Dead of Winter ~ Second Place
Robert T. Knight

The motorcycle streaked through the darkness, the flash of the streetlights on the chromed machine laughing at the night. Richard hunched over the handlebars, hands coaxing more power from the roaring beast, face split into a huge grin under the black helmet. Though his ears were protected by the hard plastic, he was satisfied when the growling echoes reached him from the nearby buildings. Had he been in any other part of town, grumpy sleepers would be bellowing from their frozen windows, threatening to phone the police. Dogs, protective of their human packs, would bark at the marauding ghost, while he would be more concerned with weaving through the dense traffic of the city, avoiding the slick piles of dirty slush.

Not here.

The abandoned newspapers flitted behind him, caught in the wintry wake of his prized possession. Watching them rip through the twilight, the weak overhead lights cast the streets in a sickening, yellow glow. Only the occasional cat was present to give a baleful glance, hair rising on end as the felines spotted the apparition.

Richard lurched forward, the breath knocked from his body.

He allowed the bike to coast while he rubbed the offending muscle, wincing in pain. Slowing, he came to a quiet stop, the frosted asphalt lining of the neighborhood succumbing to silence. Removing his helmet, he grimaced again, warm breath rising in the chill. Sweat trickled from under his shock of dark hair, toying with his square jaw before dripping to the cold ground.

A quick glance at his watch confirmed he was late. He imagined his brother pacing at the apartment, wondering where on earth his devilish sibling had torn off to. Frank’s wife would calm him down, using a gentle touch of his arm and her soft words to remind him not to throttle Richie when he waltzed in the door. Dinner could be kept warm and, besides, this would be
their first meeting in two years. There was too much catching up to do to remain angry, she would reason.

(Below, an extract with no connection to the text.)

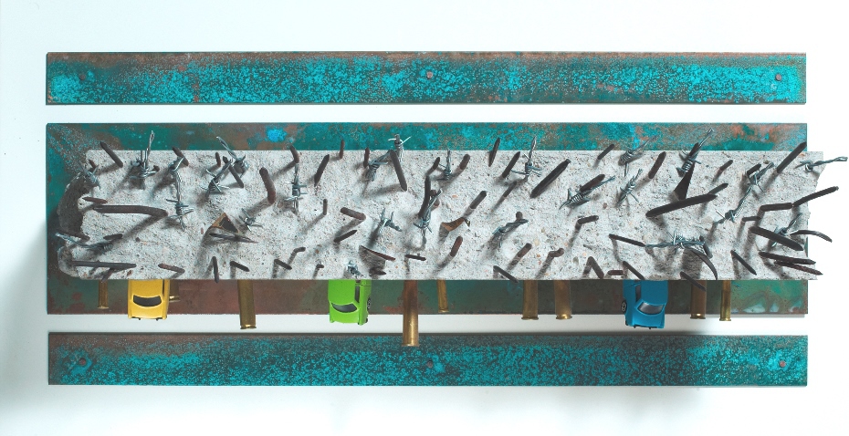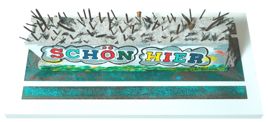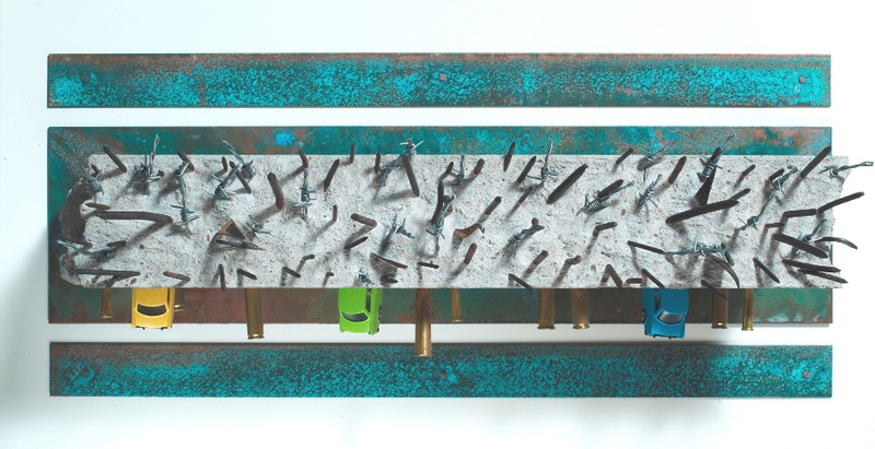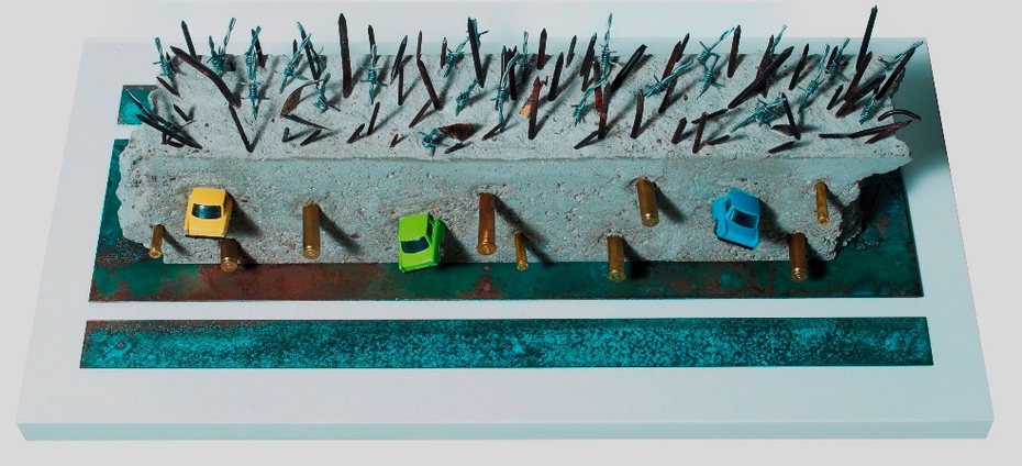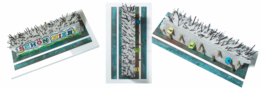 MDF Bodenplatte 68 x 35 cm, Höhe 25 cm, Gewicht 22 Kg, Kupferplatte mit Patina, Mauerbeton, Graffiti, Nägel, Stacheldraht, Metallsplitter, Trabbis, Patronenhülsen

The flashing neon caught his eye, the beckoning wink drawing his gaze. He wondered if he should call Frank, just to let him know that he was safe. It wouldn’t hurt to grab a snack, a quick bite to tide him over.

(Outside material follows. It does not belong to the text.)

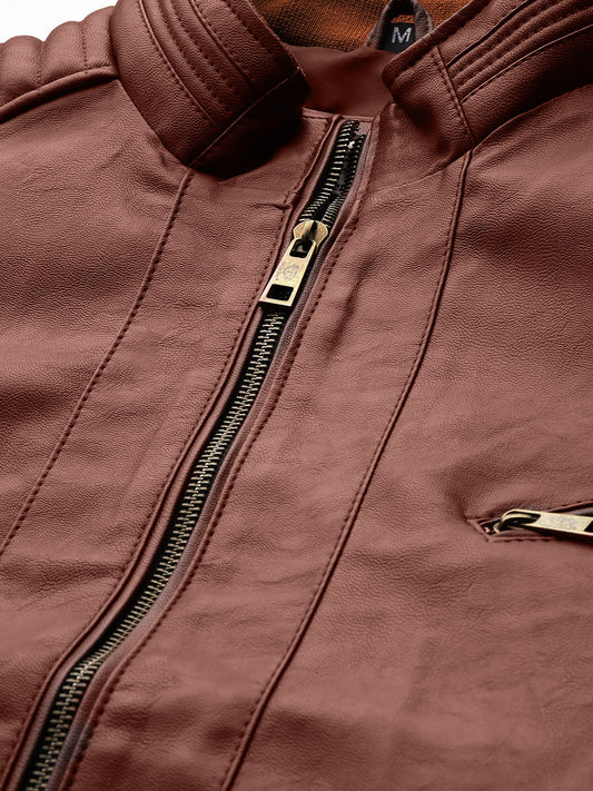 Leather Retail Full Sleeve Men's PU Brown Jacket ( LRM48BR )

He hoped his brother hadn’t cooked.

He looked behind to the chill road, tempted to continue his ride. Shapes moving in the darkness sent shivers down his spine, giving him pause. The small group emerged from the shadows, far up the road from where he had thundered. From their hooded sweatshirts and baggy clothes, complete with glinting jewelry and flashy hand signals, he guessed they were part of a gang. They gathered around something crumpled in the road, their happy laughter reverberating along the callous walls.

The wailing sirens caused them to bolt.

Richie decided to rest for a minute, wheeling his bike to the beaming glow of the bar. Vespers blinked the sign. An odd name, he thought. Though he had traveled the road many times, he didn’t remember such a building. Perhaps it was new, the courageous owner attempting to wrest some form of life from this bleak neighborhood. The cracked door could have been shipped from its former destination, giving the place a slightly weathered feel. He grunted as he turned off the bike, lowering the kickstand. With no windows decorating the exterior, he couldn’t see inside to judge whether the place was a haven from the dangers of the dark, or a mere cage for the animals stalking the streets.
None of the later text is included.